I have a job demonstrating over the winter.
At the end of most days I have fruit and vegies left over. The stuff is paid for and most of the time it is bits and pieces, or tomatoes that are a little over ripe things like that. I was thinking of just feeding it all to my goats, but dont know what I should be worried about....if anything.

Here is what I typically have 4-5 times a week:
Roma Tomatoes
baby carrots
over ripe bananas
oranges
fresh and/or frozen strawberries

about once a week I have some of the following:
pineapple
spinach
garlic
a couple of limes
celery stalks no leaves

I know garlic will make milk taste bad but mine are all 6-9 month old does not bread. 

The real question is can I toss it in the pen? Do I need to cut it up. We are talking whole pineapple and oranges etc. Can they have peals on bananas? Any of these total no no's? etc.

I also have; 4 chickens that might like some of it, but I rather give it to the goats. 

Thanks


----------



## VincekFarm

I give my goats veggies & fruits all the time. I'm not looking at a list of what is poisonous etc. right now but out of your list my goats will eat bananas (peel and all.), carrots and sometimes strawberries or spinach; our chickens prefer the strawberries and spinach though so they are the ones that often get it. 

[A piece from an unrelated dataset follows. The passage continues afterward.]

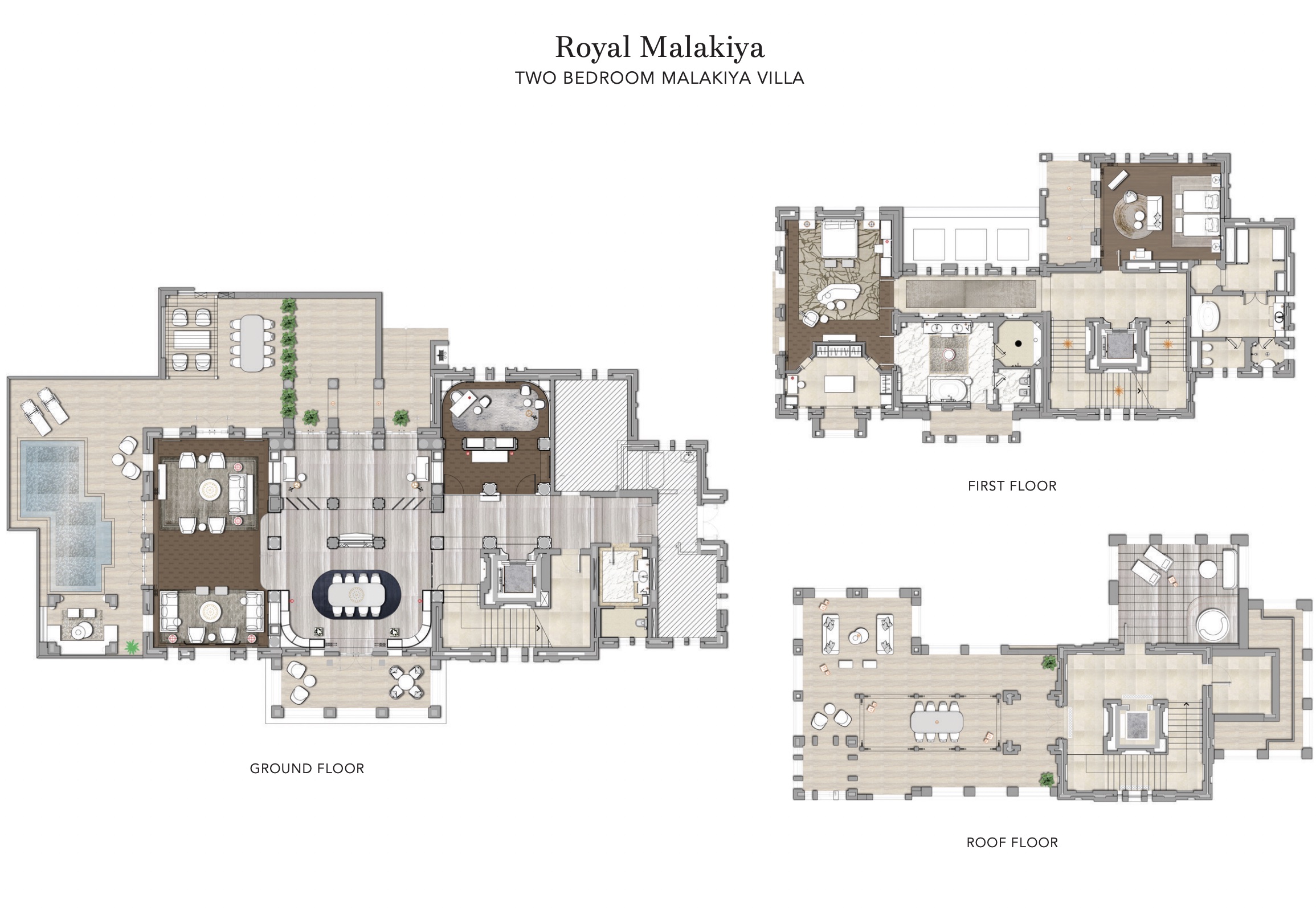На 1-м этаже: спальня с кроватью king-size, гостиная с обеденной зоной (стол на 8 персон), кухня, гардеробная, ванная комната с джакузи и душевой кабиной, гостевой туалет, комната для обслуживающего персонала, терраса с бассейном и обеденной зоной на открытом воздухе.

The chickens will eat tomatoes.
I don't know any animals that are big fans of citrus fruits, garlic or celery.
You don't need to cut it up.


----------



## MsScamp

I could be way off base here, but I think I would be careful with the celery because the strings could be a choking hazard.


----------



## goathiker

My goats LOVE celery. One of them grows a giraffe neck when I bring it out. Lime juice will burn their mouths and throats. Tomatoes are fine. Banana peels are fine. Oranges could be squeezed into their water for a treat. I'd cut up the pineapple.


----------



## Hurkett_Hill_Farm

My goats love bananas, celery I cut up with their feed, one likes lemons, all like grapefruit peels and oranges. Peaches, soft fruits etc, they love! They stand at the fence when I'm in the garden whining for treats - carrot tops, pea vines, corn stalks. Love squash, pumpkins etc. They really aren't picky. The only thing they don't like is potato peels, that is about it!


----------



## packhillboers

Our goats all seem to like lemon or orange peels and it is good for them. I read up on the food grade wax & the Thiabendozole that most of our fruits have sprayed on them. I do wash the oranges and apples but the amount is so minimal and should not be a problem nor will it hurt the goats or be enough to effect or contaminate your goat's milk to a level to worry about. Hot water washes most of this off the peels. There are other pesticides that are bad and that are used and I can't remember the names but most do not use them anymore as they are questionable. Banannas may have harsher pesticides used and they are imported. The thiabendozole evidently is or has also been used as a de-wormer. It is used on most of our fruits. After reading about this, I feel giving the goats these peels are safe.


----------



## TheGoatWhisperer

Our goats love apples carrots and oranges...we just cut the apples and oranges up into about quarter sized pieces and the carrots leave whole cause we buy them as finger carrots. I should say only two of our goats like oranges out of the three we have...must depend on the goat  I have also seen them eat squash...a friend of ours threw their Halloween pumpkin in the field and it was gone in a couple days! It was funny to see them with orange lips!We've also tried to feed them cucumbers but they didn't seem to like those.


----------



## Wild Hearts Ranch

I gave mine some bruised tangerines the other day and they loooooved them! Clover was so happy she smiled


----------



## MsScamp

:lol: :lol:


----------